Saturday, April 20, 2019

This Recent CO2 Chatter by the German Government

Alright, there was some chatter going on for months (by the SPD, and Green Parties), and this week.....the Environmental Minister of Germany (Schulze, SPD) said that basically....the country needs a CO2 'tax'.

This came out of an interview, and the impression is that you'd have to curb people's attitude and take their money....in order to force 'change'.

The amount she suggested?  Twenty Euro per ton, per individual.  You can go and do the calculator business, and the rough numbers for an average guy is thirteen tons of CO2 per year.....meaning you'd have to come up with 260 Euro (per person).   Maybe you'd just count mom and dad this way, and just say two kids amount to 100 Euro, and a family hit of 620 Euro per year for the whole family. 

Now, all of this leads to a mystery equation (don't tell the Germans this).  You'd have to know how a guy travels (by bike, scooter, walking, horseback, car, bus, or train).  You'd have to know about his habits on vacations (if he jets off to New Zealand each year with his wife).  You'd have to know about his tendency to buy bio-organic materials to consume.  You'd have to know about his heat for the house (whether natural gas, coal, wood, or electrical).  There's probably at least forty different variables which lead to that 13 tons of CO2, and if you were a guy in a big house, with two cars, and running an AC unit....you might be up in the 60 tons of CO2 (meaning 1,200 Euro per person). 

Yes, it gets to a complicated level.

But you'd get to a level of asking the logical question.....a lot of extra money would be rolling into the government's revenue pot....billions per year across Germany.  What happens to that CO2 money?

Well....Schulze says it'd be granted out as social compensation (gift money).  This would solve 'medium' and 'small' incomes.  The people with higher income, big cars, extensive travel, etc.....would carry the load.

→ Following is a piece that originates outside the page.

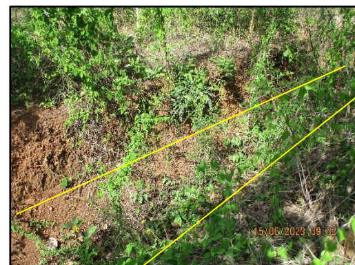
ภาพที่ 2.3 คั่นดินและคูระบายน้ำพื้นที่โครงการ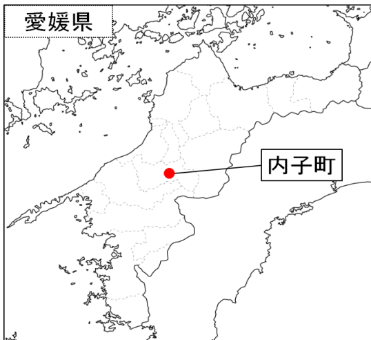
うちこちょう ○内子町（愛媛県）

What would obviously happen?

In the first year of this 'pain', you'd find a number of people complaining about the way this was measured, and the increasing cost of living.  Somewhere along the second year, those with an abundant income and in the position to leave Germany (meaning to relocate)....would pack and move to Poland, Hungary, or Czech.  Acceleration of the exodus would be seen by the fourth year, and the wondering 'gift-money' business would suddenly start to sputter....meaning a 30-to-40 percent cut.  The travel to overseas locations?  That would shift from Hamburg and Frankfurt....to Prague, Amsterdam, and Vienna. Why would you pay an extra 150 to 250 Euro for a airline ticket, to cover CO2 drama?

At this point, the people pushing the agenda would go and demand that the rest of the EU copy their amazing feat, and prevent people from escaping the CO2 tax.  There, they'd find people laughing over the agenda, and refusing to bring it up as a EU shift.

The odds of this CO2 tax occurring?  Right now....zero percent chance.  If you had a Green Party Chancellor in Berlin, with the SPD and Linke Parties as partners, it's probably closer to a 100-percent chance. 

If this sounds like some modern Robin Hood-scheme, where the money got exchanged from the wealthy to the poor?  Well, that's the chief issue.  It's almost like an artificial recession, to be created out of thin air.  But here's the thing, if CO2 was your big thing, and the hotest problem to be dealt with, then you'd go and make houses and appliances as modern as possible, and lessen the tax rate (19-percent) on those items to zero....convincing people to renew their freezers, washers, dryers, and heating systems.  Yet you don't see that type of problem-solving....it's more along the lines of problem-inventing.